In tumor_normal_mode: subset, evaluation removes the reference normal spots from the comparison set, so both raw.tumor_normal and raw.tumor_normal_gt are required.
raw.cnv_gt For cnv_profile
For cnv_profile, raw.cnv_gt should point to a FACETS/VCF-like segment file.
Required content:
| Field | Meaning |
|---|---|
#CHROM |
Chromosome. |
POS |
Segment start. |
INFO |
Must include END; TCN_EM and LCN_EM are used when available. |
The evaluator derives:
| Derived field | Source |
|---|---|
GT_Score |
log2(TCN_EM / 2) with a small pseudocount for zero-copy events. |
GT_Event |
loss, neutral, or gain from total copy number. |
LOH_Status |
CN-LOH from TCN_EM == 2 and LCN_EM == 0. |
raw.subclone_gt
Used by subclone detection tasks.
Expected format: tab-delimited spot-to-subclone labels with two columns.
Barcode subclone
AAAC... clone_1
AAAG... clone_2
The evaluator renames these columns internally to Barcodes and Label_preds.

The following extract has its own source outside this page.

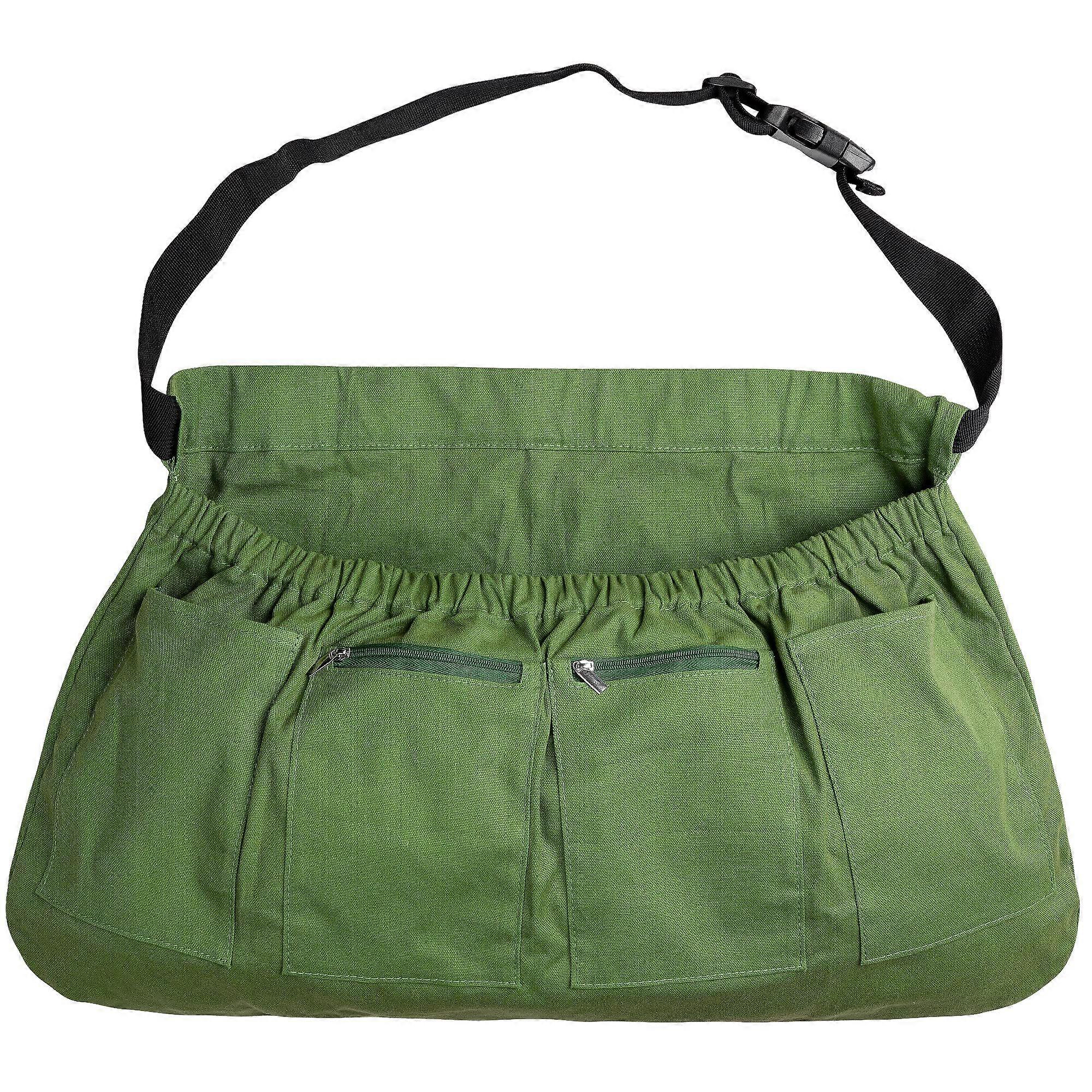 Adjustable Harvest Apron with 4 Large Pockets for Fruit Picking, Weeding and Gardening Tasks, Olive Green.

Clone-Level CNV GT For Subclone Tasks
subclone_detection_in_slice can also compare predicted clone CNV profiles against GT clone CNV profiles.
Current loader expectation: a directory containing files named:
<clone_id>_GT_Profile.txt
Each profile file should contain genomic bins and a CNV score column such as CN_Score or CN_Score_Continuous.
This is separate from the FACETS/VCF-like file used by cnv_profile. If a dataset needs both sample-level cnv_profile GT and clone-level subclone CNV GT, keep the paths clear in the dataset config used for that run.
raw.beads_mapping
Only needed for Slide-DNA-seq style subclone evaluation when model predictions are made on pseudo-barcodes and must be mapped back to original bead barcodes.
Expected columns:
pseudo_barcode,original_barcode
Spatial Inputs
Evaluation uses standardized spatial files from prep:
<output.root>/spatial/tissue_positions.csv
<output.root>/spatial/scalefactors_json.json
<output.root>/spatial/tissue_hires_image.png # optional
Spatial coherence mode is selected from platform:
platform |
Spatial mode |
|---|---|
ST |
KNN-based spatial coherence. |
| other values | Visium-style distance-based spatial coherence. |
Output Layout
Evaluation outputs are written under:
<eval_dir>/<dataset_id>/
Common task directories include:
computational_efficiency/
cnv_resolution/
tumor_normal/
cnv_profile/
subclone_detection/
GT/
Task outputs include formatted intermediate tables, metrics summaries, and plots. Missing required GT or missing model result directories are reported explicitly rather than silently substituted.